What is the room's secondary purpose? Many conference rooms double as presentation spaces, training rooms, or quiet work areas. If a room needs to serve multiple functions, plan for flexible furniture, easy-to-reconfigure technology, and clear instructions for each mode.

Network Infrastructure: What IT Needs to Do First

Before you mount a single display or unbox a camera, your network infrastructure must be ready. Conference room technology is only as reliable as the network it runs on. A gorgeous 85-inch display with a 4K PTZ camera is worthless when the video feed freezes every 30 seconds because the room is running on consumer-grade WiFi.

Ethernet drops: Plan for a minimum of four Cat6A drops per conference room. One for the video conferencing codec or compute unit, one for the display (if it has network features or digital signage), one for the room scheduling panel outside the door, and one spare. For larger rooms with ceiling-mounted cameras or multiple displays, you may need six to eight drops. Run them during the infrastructure phase because retrofitting cable runs after drywall is finished is expensive and disruptive.

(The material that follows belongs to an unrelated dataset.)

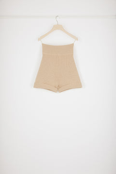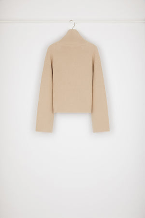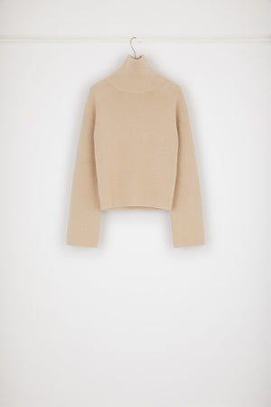 Biscuit beige Merino wool jumper. Rib knit. High turtleneck collar. Decrease detail on the shoulders. Slightly flared sleeves.
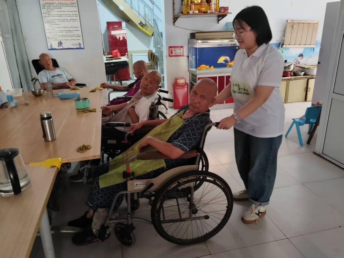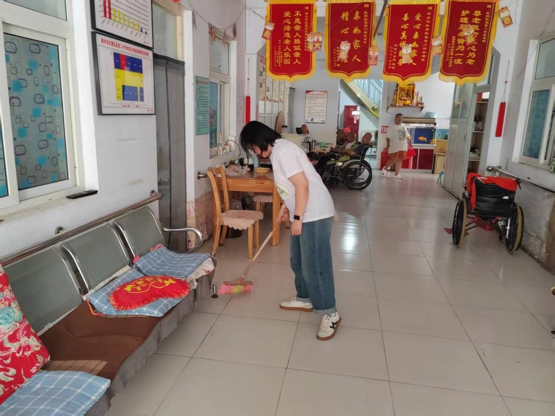 與老人們交流結(jié)束后恰逢養(yǎng)老院自由活動時(shí)間,團(tuán)隊(duì)成員看到那些坐著輪椅行動不便的老人在餐桌旁不能移動,便主動上前詢問了老人的需求,推動輪椅帶老人回了房間,還細(xì)心地為老人檢查了輪椅安全帶。在隨后的打掃衛(wèi)生環(huán)節(jié),團(tuán)隊(duì)隊(duì)員仔細(xì)清掃了地面,為老人們營造了一個(gè)更加干凈整潔的環(huán)境,還特地細(xì)致清掃了老人們的日常互動區(qū)域,防止老人們在活動時(shí)跌倒,用自己的實(shí)際行動踐行了孝道。

PoE switches: Many conference room devices, including scheduling panels, ceiling microphones, PTZ cameras, and wireless access points, are powered over Ethernet. You need switches that support 802.3bt (PoE++ / Type 4), which delivers up to 90 watts per port. The Cisco Catalyst 9200 series and Meraki MS switches are common choices in enterprise environments. Budget for PoE capacity across all rooms, not just one.

Dedicated VLAN: Conference room AV traffic should run on its own VLAN, separate from general office traffic and guest WiFi. This isolates the traffic for QoS (Quality of Service) purposes and prevents a large file download in accounting from degrading your CEO's video call. Configure QoS to prioritize real-time media (DSCP EF for voice, AF41 for video) on this VLAN.

Bandwidth calculations: A single 1080p video conference stream requires approximately 2-4 Mbps. A 4K stream needs 8-20 Mbps. If you have content sharing running simultaneously, add another 2-5 Mbps. For a building with 10 conference rooms that might have simultaneous meetings, you need 40-250 Mbps of dedicated upstream bandwidth just for video conferencing. Factor this into your ISP circuit planning.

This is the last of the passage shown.